イベント

2016.08.23

GHCワークショップ 「日本宗教史と世界を繋ぐ」

開催場所:東京大学東洋文化研究所3階大会議室

GHCワークショップ「日本宗教史と世界を繋ぐ」

【日時】   2016年10月22日(土) 15時 ~ 18時

【場所】   東京大学東洋文化研究所3階大会議室

【講演者】

   上島 享(京都大学 文学部 教授)

   伊藤 聡(茨城大学 人文学部 教授)

【コメンテーター】

   守川 知子(東京大学 文学部 准教授)

【司会】

   岡 美穂子(東京大学 史料編纂所 助教)

【企画の趣旨】

 本ワークショップにおいては、世界史との連動性がこれまでほとんど語られてこなかった前近代の日本史、とくに宗教史の観点から、日本人の世界観や世界史像の形成に繋がるご研究を発表していただきます。

 

講演1:上島享「世界のなかでの日本中世史研究 ―近代の史学史と日本中世の位置―」

要旨

日本中世史研究の立場から、近代の史学史(明治後期~昭和初期)を振り返るとともに、日本の中世という時代や日本という地域を、世界史的な視野で、いかに位置づけるべきかについて、私見を述べたい。

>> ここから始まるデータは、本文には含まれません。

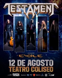 El Teatro Coliseo de Santiago será testigo de una jornada histórica para el thrash metal, con el regreso a Chile de Testament, una de las bandas más emblemáticas del género. Para encender aún más los motores, se ha confirmado que la agrupación chilena EXILE será la encargada de abrir el concierto como invitada especial.La cita es el próximo 12 de agosto y las entradas ya están disponibles a través del sistemaPuntoticket.

 京都の帝国大学のアカデミズムは、帝国大学(東京)出身者が核となって成立するが、当初より差異化が意識しされていたと思われる。例えば、京都では日本史においても、広く世界史や人類学などを視野にいれた研究・教育が行われていた。かかる特徴を日本の歴史学の形成期に位置づける作業をしたい。その上で、自身の研究成果を踏まえて、日本の中世、さらには日本という地域の特徴について私見を述べるとともに、課題を論じたい。

 他地域の研究者との議論を期待するものである。

 

講演2:伊藤 聡「日本中世の神話叙述における屈折―三国世界観のなかで」

要旨

 日本中世において、その時代状況に相応するように記紀神話が改変・再解釈されたり、また数多くのあらたな神話が製作された。これらを、中世神話(あるいは中世日本紀)と、今日よんでいる。中世の世界把握の基調は、仏教伝来の経路に基づく三国世界観であり、中世神話もその枠組みのなかで発想されている。そこで追求された主題のひとつは、三国における日本の〈固有性〉〈差異性〉〈優越性〉であるが、実のところ、その言説は往々にして外来的要素を「密輸入」することによって証拠立てられていたのである。本発表では、いくつかの中世神話や関連する所説を取り上げ、このような屈折の位相を考えてみたい。